The Contract, Technical Writer - CMC supports the CMC team by collaborating with authors and Subject Matter Experts (SMEs) to revise or create documents that include, but may not be limited to, Standard Operating Procedures (SOPs), Batch/Lab records, Qualification/Validation protocols and Development/Qualification/Validation Reports. This involves collecting and consolidating input from cross functional stakeholders, reviewing current documents and developing them into clear and concise procedures. The incumbent is also responsible for applying appropriate document templates, standards, style and terminology across documents.
The incumbent works cross-functionally with internal departments and external resources on GxP-related procedural documents.
The Contract, Technical Writer - CMC supports adherence to relevant regulatory requirements and company Standard Operating Procedures (SOPs) as appropriate.
Collaborates with GxP Subject Matter Experts (SMEs) and teams to write, review or edit technical GxP documents (and where/when required, verify data) in a clear, concise format.
Performs document QC checks as required.
Ensures good documentation practices are followed.
Coordinates with various departments to assure that GxP document(s) clearly are indicative of the process and understandable to the reader.
Acts as liaison between CMC, Regulatory Affairs, and Quality Assurance, as well as representatives of third parties, that the document is being written for.

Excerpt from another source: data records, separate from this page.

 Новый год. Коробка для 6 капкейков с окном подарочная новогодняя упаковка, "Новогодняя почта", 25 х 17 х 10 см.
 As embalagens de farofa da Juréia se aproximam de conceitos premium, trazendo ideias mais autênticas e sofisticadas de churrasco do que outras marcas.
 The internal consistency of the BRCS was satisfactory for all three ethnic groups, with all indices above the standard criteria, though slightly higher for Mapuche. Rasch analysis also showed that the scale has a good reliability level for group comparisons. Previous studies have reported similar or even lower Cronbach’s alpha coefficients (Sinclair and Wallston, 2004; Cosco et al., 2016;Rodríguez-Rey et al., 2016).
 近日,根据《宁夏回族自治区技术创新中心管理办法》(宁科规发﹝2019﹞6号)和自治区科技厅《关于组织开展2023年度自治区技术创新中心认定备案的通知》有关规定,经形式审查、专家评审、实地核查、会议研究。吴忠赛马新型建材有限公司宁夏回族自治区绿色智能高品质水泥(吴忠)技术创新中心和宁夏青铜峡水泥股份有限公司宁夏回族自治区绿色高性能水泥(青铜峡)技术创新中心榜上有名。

Performs other related tasks and assignments as needed and specified by management related to document generation and control.

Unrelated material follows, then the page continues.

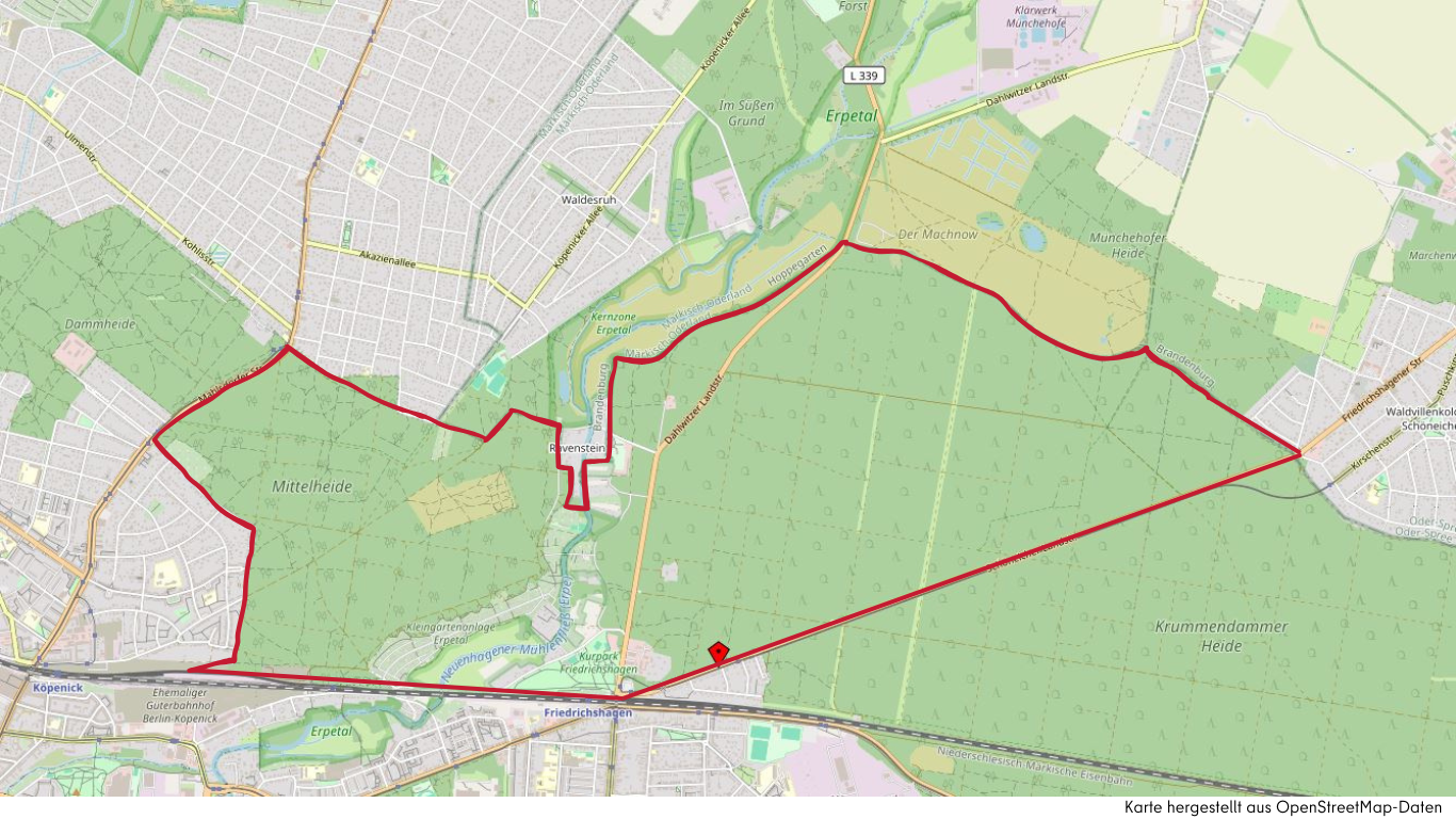 Die Überwachungszone im Bezirk Treptow-Köpenick ist begrenzt nördlich durch die Landesgrenze zu Brandenburg (Landkreis Märkisch-Oderland) sowie im westlichem Verlauf durch die Bezirksgrenze zu Marzahn-Hellersdorf, westlich durch die Mahlsdorfer Str., Genovevastr., Däumlingsweg sowie die Forstflächen Jagen 319 und 320, südlich durch die S- und Regional-Bahn Trasse, östlich durch die Schöneicher Str., Schöneicher Landstr. sowie die Landesgrenze zu Brandenburg (Landkreis Oder-Spree).

* Minimum level of education and years of relevant work experience.
Bachelor’s degree in a relevant discipline and a minimum of 5 years of technical GxP document writing relevant documents in a pharmaceutical, biotechnology, contract research organization or related environment/industry OR equivalent experience and/or education.
* Special knowledge or skills needed and/or licenses or certificates required.
Must have some technical knowledge of laboratory procedures in the Biologics/Gene & Cell Therapy fields (molecular biology, immunoassay, cell/bioassay)
Ability to plan, write, review, and edit technical GxP documents and ensure that these documents adhere to applicable regulatory FDA, EMA, ICH guidelines and standards.
Experience in working in a GXP environment.
Strong technical comprehension and writing capability.
Experience with process mapping and collaborative document development.
Excellent attention to detail, including fact checking, logical flow, formatting, and document structure.
Proficiency with Microsoft Office and use of electronic document templates.
Excellent verbal and written communication skills.
Ability to work independently and collaboratively, as required, in a fast-paced, matrixed, team environment consisting of internal and external team members.
Excellent planning, organization and time management skills including the ability to support and prioritize multiple projects.
*Special knowledge or skills and/or licenses or certificates preferred.
Broad knowledge of ICH guidelines, FDA CFRs, EMA directives and other regulatory guidelines.
Well-organized: ability to prioritize tasks, to work simultaneously on multiple projects, and to write high quality documents according to tight timelines.
Excellent interpersonal skills and attention to detail.
Technical writing certification.
PTC Therapeutics is an equal opportunity employer. We welcome applications from all individuals, regardless of race, color, national origin, gender, age, physical characteristics, social origin, disability, religion, family status, pregnancy, sexual orientation, gender identity, gender expression, disability, veteran status or any unlawful criterion under applicable law. We are committed to treating all applicants fairly and avoiding discrimination.